В оконных переплетах квартиры-студии Бетки на набережной Ювелиров солнце появляется и исчезает.

…Бетка стоит, склоняясь над коленопреклоненной Вероникой. Головы обеих на одном уровне, прижаты щека к щеке, волосы переплетаются. Босая ступня Бетки – на необутой Вероникиной, обе фигуры согбенны у неприбранной кровати, затаили дыханье, смотрят на дитя, ему едва исполнилось два года, пухлыми морщинистыми ручками неуклюже пытается он расстегнуть на Веронике блузку, ища округлости ее груди, которую Бетка будто бы хочет ему предложить.
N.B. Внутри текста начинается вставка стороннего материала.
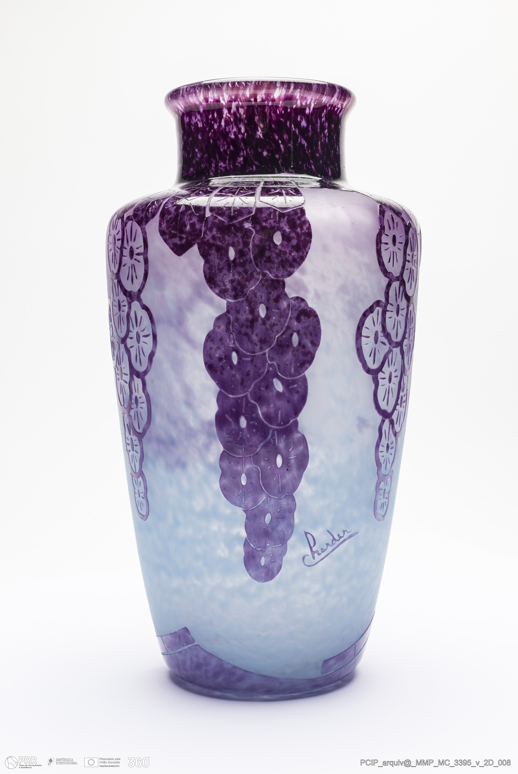 Matéria/Técnica: Vidro transparente com roxo e azul; Cronologia: 1924-1929; Autoria: Charles Schneider / Charder / Ovington, Inglaterra; Dimensões (cm): Altura: 29,5; Diâmetro: 16.

Эта путаница чарует подруг, и каждую следующую попытку ребенка они встречают смехом.

Сколько-то они забавляются этим определением матери, а затем Бетка гордо расстегивает блузку, оголяет тяжелые, полные молока груди, болтает ими над лицом сына; ручки ребенка немедля жадно тянутся поиграть с ними, он хватает то воздух, то плоть матери, и Бетка всякий раз смеется от счастья, словно в бурной жадности, вызываемой ею в ребенке, – само доказательство ее материнства. С любовью она разжимает его ручки, и груди, сойдясь вместе от собственного веса, медленно-медленно опускаются. На миг дитя словно испугано внезапной тенью у себя на лице, но стоит материнской груди мазнуть его, он замирает. Опуская грудь еще ниже, Бетка все больше накрывает лицо ребенка полнотой набухшей плоти, и он принимает тепло этой тяжкой ласки со сладострастной неподвижностью, столь восторженной, что сам ее вид вызывает слезы нежности на глазах у обеих женщин, и эти слезы мгновенно превращаются в плач безудержного смеха, когда сын Бетки, задыхаясь, внезапно отбивается неловкими движениями тонущего, борясь со всею силою не по годам мускулистых рук.

Солнце, выныривая из-за облака, озаряет восхитительную плоть, она становится столь ослепительной, что вся комната будто освещена ее отражением. Беткины груди – удлиненные, с очень выпуклыми сосками, какие вызывают в воображении римский упадок, а кожа их сияет, как у полированных статуй, и усыпана яркими веснушками – те обманчиво похожи на точки золотого мха, что, так уж вышло, покрывает мрамор некоторых частей скульптуры, оставленной на произвол неприветливости понтийской провинции.

На один сосок только что опустилась муха, и ни одно движение чада, кажется, не отвлекает ее, не сгоняет с этой будто распухшей точки груди, чудовищно растянутой сосаньем. Множество других узелков, в четверть меньше главного, окружает срединный сосательный бурыми, набрякшими протуберанцами внутри довольно ровной круговой границы. Ребенок по очереди трогает эти добавочные соски, иногда упрямо прижимает их маленьким указательным пальцем, тянет плоть по кругу, будто пытаясь повернуть его, как диск телефона.